Researchers have deciphered ancient Babylonian tablets that predict future disasters.
The 4,000-year-old artifacts were found more than 100 years ago in modern day Iraq but have only now been completely translated and linked to astronomical events.
Ancient Babylonians had a special interest in the cosmos, especially the moon, and associated lunar eclipses with natural disasters and historic events.
Although the tablets were added to the British Museum’s collection between 1892 and 1914, this revelation marks the first time the cuneiform has been completely translated and linked to astronomical predictions and omens.
The omens predicted harsh environmental disasters including one that said: ‘In spring a locust swarm will arise and strike the crops/my land’s crops. There will be a dearth of food.’
It also talked about revolts upon the land, both from foreign adversaries and weather, the study revealed.
One deciphered omen said: ‘There will be rain and floodwater and Adad will devastate the threshing floors.
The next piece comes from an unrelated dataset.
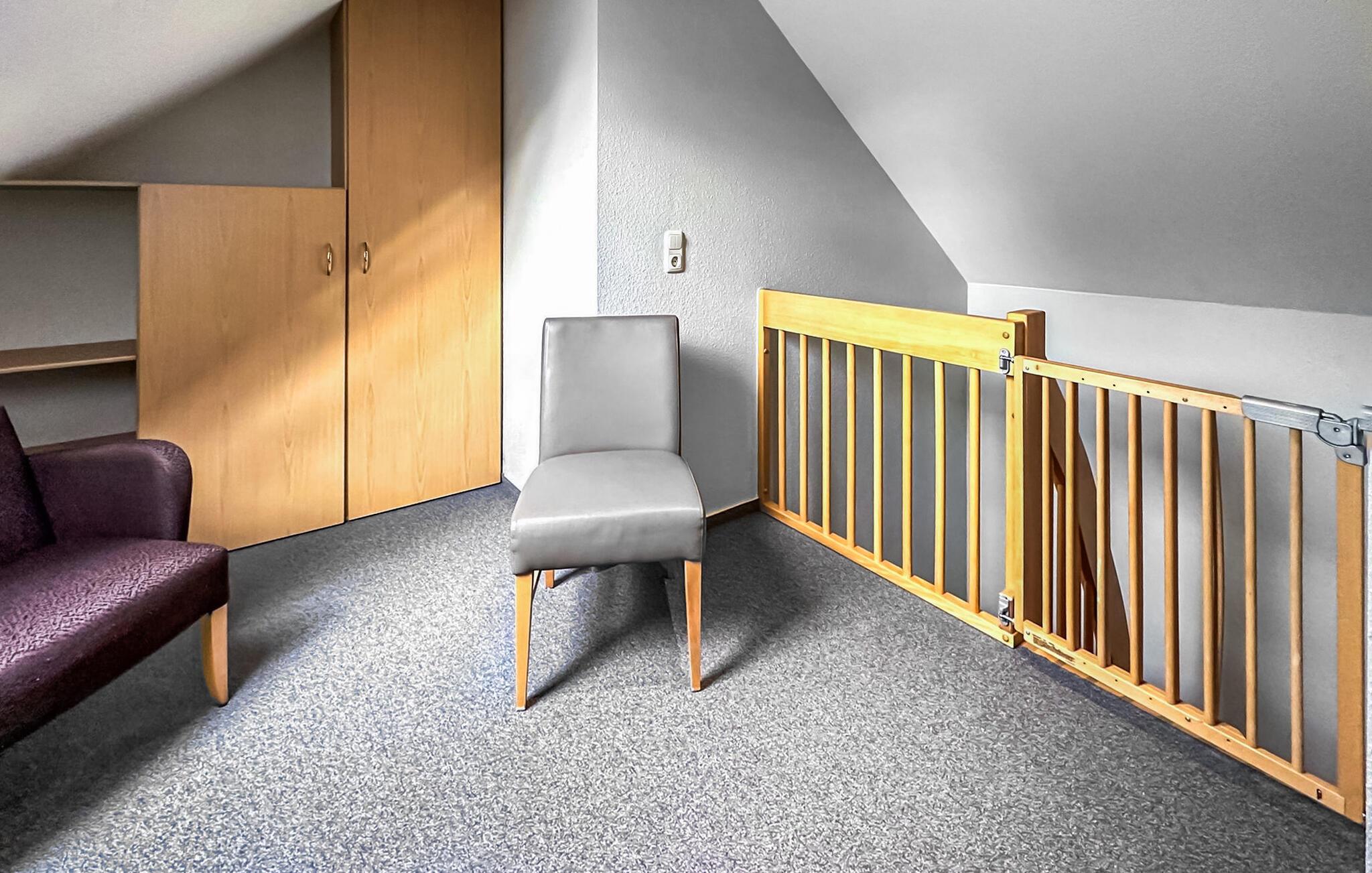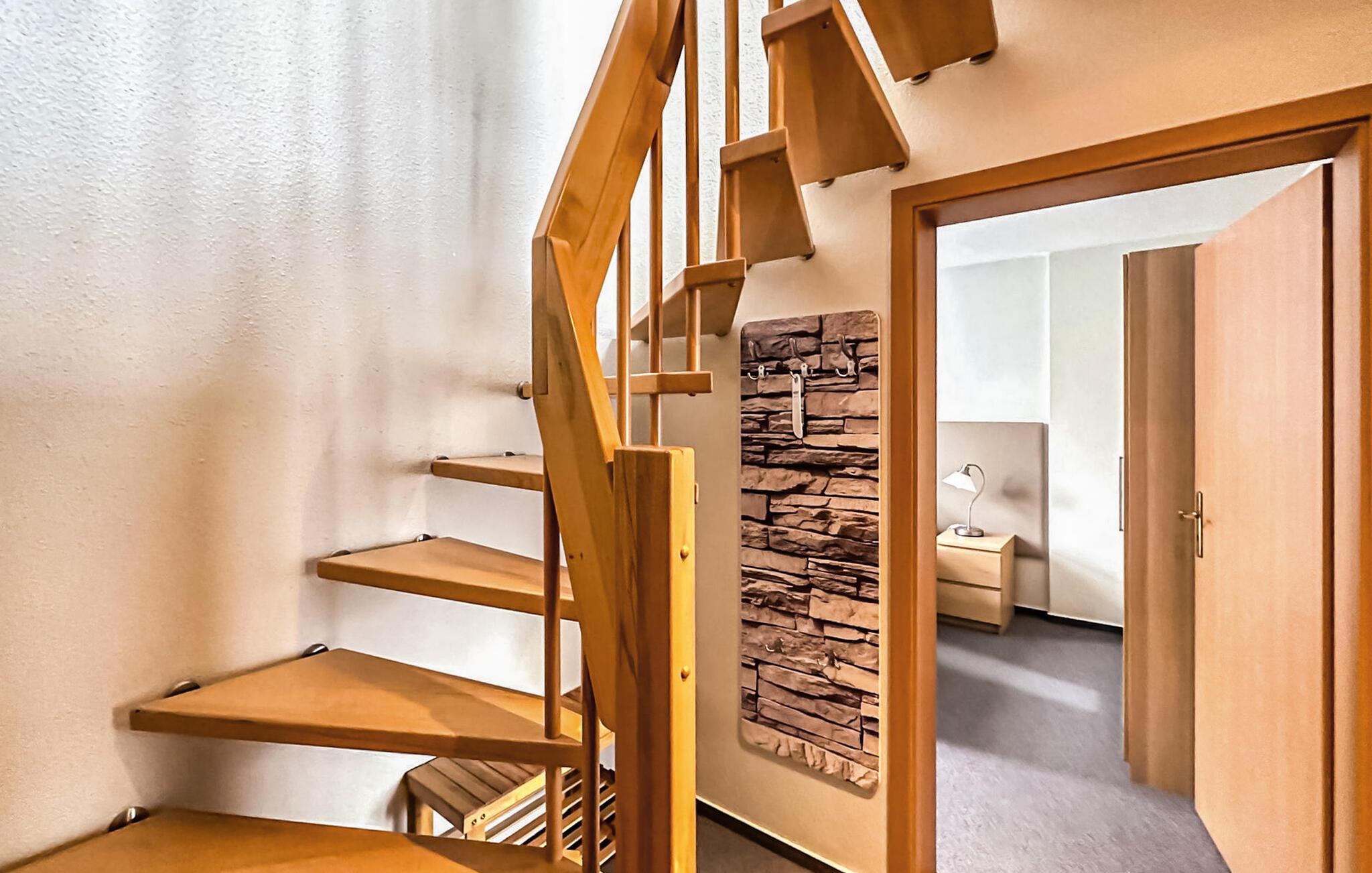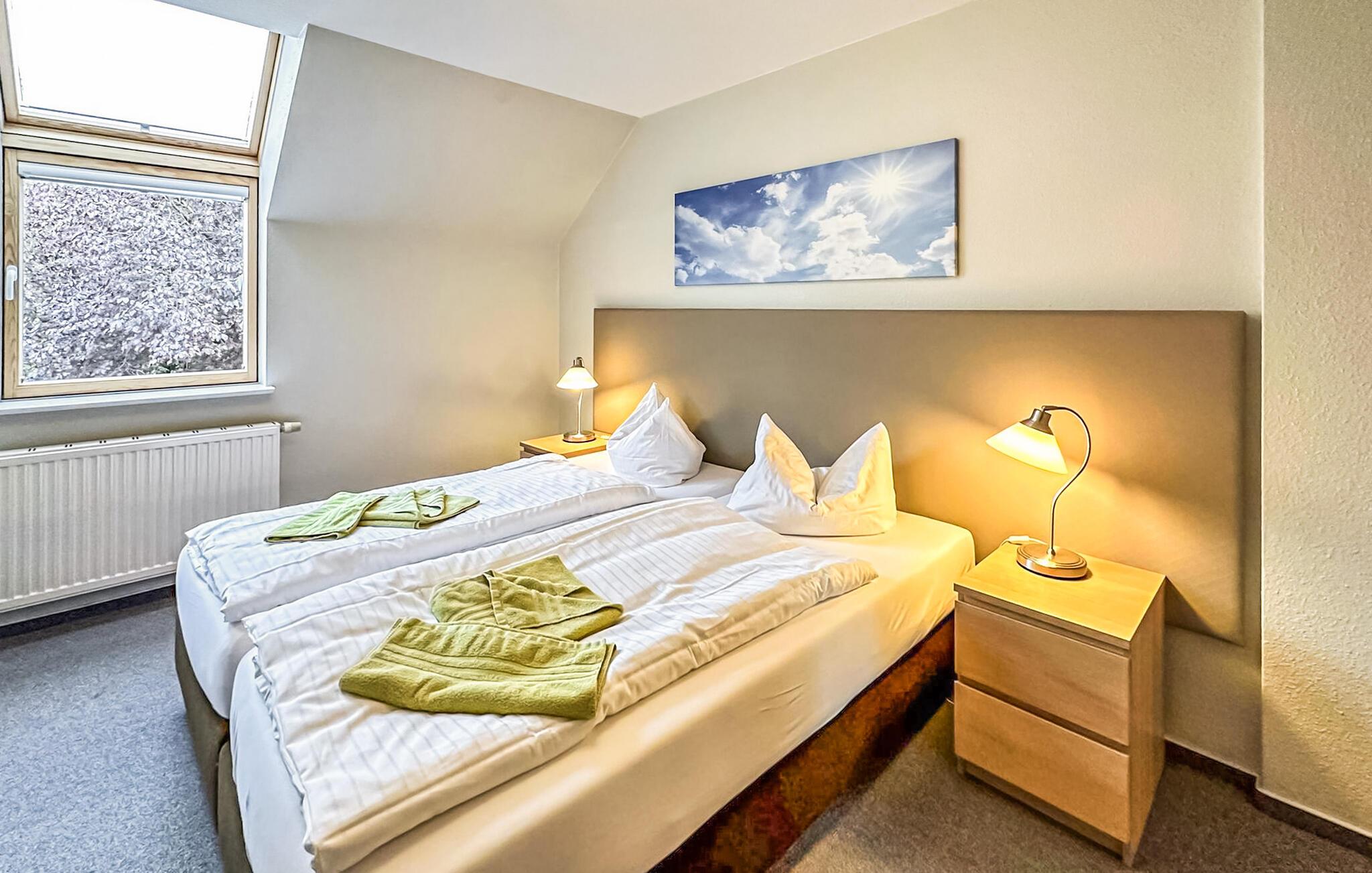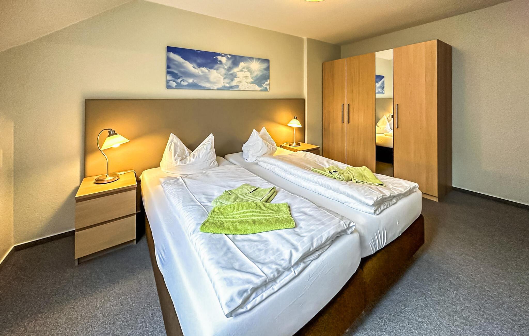 Die 3-Zimmer-Wohnung mit 62 qm für 4 Personen liegt im Ober- bzw. Dachgeschoss und ist über eine zentrale Treppe erreichbar. Es verfügt über ein Wohnzimmer mit Esstisch und offener Küchenzeile (Polstermöbel, Flachbild-TV, Esstisch, Elektroherd, Backofen, Kühlschrank mit Gefrierfach, Mikrowelle, diverse Küchengeräte), ein Badezimmer mit Dusche/WC und ein Schlafzimmer mit Doppelbett (Durchgangszimmer zum Badezimmer). Über eine platzsparende Treppe gelangt man in einen weiteren Wohn-/Schlafbereich mit 2 Einzelbetten, TV und Sitzgelegenheit. Es gibt auch einen möblierten Balkon. Für Kleinkinder kann ein Kinderbett und ein Hochstuhl bereitgestellt werden. WLAN ist ebenfalls verfügbar. Für jede Wohnung auf dem Grundstück stehen ein Parkplatz, Fahrradständer und ein zentraler Grillplatz auf dem Nachbargrundstück zur Verfügung.

There will occur an attack by an Elamite army, a Gutian army, on the land. It will destroy a land that revolts. The land will perish.’
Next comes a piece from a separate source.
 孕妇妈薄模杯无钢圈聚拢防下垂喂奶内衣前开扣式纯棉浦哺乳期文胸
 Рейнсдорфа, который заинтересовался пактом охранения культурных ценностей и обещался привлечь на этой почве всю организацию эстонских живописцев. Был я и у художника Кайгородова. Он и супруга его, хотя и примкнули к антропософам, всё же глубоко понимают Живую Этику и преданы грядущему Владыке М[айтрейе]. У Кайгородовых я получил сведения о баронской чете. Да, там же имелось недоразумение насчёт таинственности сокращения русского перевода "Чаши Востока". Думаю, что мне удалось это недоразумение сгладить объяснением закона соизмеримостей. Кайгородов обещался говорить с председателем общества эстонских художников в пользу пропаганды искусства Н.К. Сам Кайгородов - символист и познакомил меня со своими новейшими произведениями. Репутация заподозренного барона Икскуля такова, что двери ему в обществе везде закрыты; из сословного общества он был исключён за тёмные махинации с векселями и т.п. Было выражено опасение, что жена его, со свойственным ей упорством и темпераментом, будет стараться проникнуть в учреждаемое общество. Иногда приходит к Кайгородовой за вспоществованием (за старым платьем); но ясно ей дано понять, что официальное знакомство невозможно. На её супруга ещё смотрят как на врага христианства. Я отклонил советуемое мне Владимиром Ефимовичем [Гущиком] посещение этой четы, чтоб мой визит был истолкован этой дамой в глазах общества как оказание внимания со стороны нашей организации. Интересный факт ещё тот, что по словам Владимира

A separate omen added: ‘As for a land that revolts, the enemy will demolish cities, city walls, my city walls, the walls of our city.’
The tablets are believed to come from Sippar – a city that flourished during the Babylonian Empire in what is now Iraq and date back to the middle and late Old Babylonian periods from about 1894 to 1595 BC.
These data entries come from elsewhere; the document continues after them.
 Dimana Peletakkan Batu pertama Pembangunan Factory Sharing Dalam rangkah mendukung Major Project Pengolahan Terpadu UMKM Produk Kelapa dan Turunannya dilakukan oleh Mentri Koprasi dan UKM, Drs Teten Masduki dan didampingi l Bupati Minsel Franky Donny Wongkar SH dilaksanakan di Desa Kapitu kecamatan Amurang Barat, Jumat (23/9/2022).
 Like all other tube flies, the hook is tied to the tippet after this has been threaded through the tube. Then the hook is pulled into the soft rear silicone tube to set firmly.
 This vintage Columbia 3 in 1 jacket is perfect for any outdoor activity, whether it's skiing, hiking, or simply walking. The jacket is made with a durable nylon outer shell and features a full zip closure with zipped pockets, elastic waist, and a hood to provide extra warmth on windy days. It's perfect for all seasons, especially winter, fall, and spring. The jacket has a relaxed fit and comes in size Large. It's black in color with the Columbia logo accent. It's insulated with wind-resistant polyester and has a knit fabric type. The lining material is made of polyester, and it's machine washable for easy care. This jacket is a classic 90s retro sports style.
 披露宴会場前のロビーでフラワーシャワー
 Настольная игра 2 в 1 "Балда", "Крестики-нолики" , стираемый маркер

The researchers suggested its possible that ancient people may have relied on past experiences to determine any omens the lunar eclipses predicted and this discovery makes these slabs the ‘oldest examples of compendia of lunar-eclipse omens yet discovered.’
Ancient Babylonians learned when to expect a lunar eclipse and often claimed it foretold the death of their kind and would conduct rituals to save the current monarch from his alleged fate, according to the researchers.
Researchers worked to decipher the cuneiform language, which is one of the oldest known forms of writing that means ‘wedge shaped’ because people used a reed stylus to create the wedge-shaped marks on clay tablets.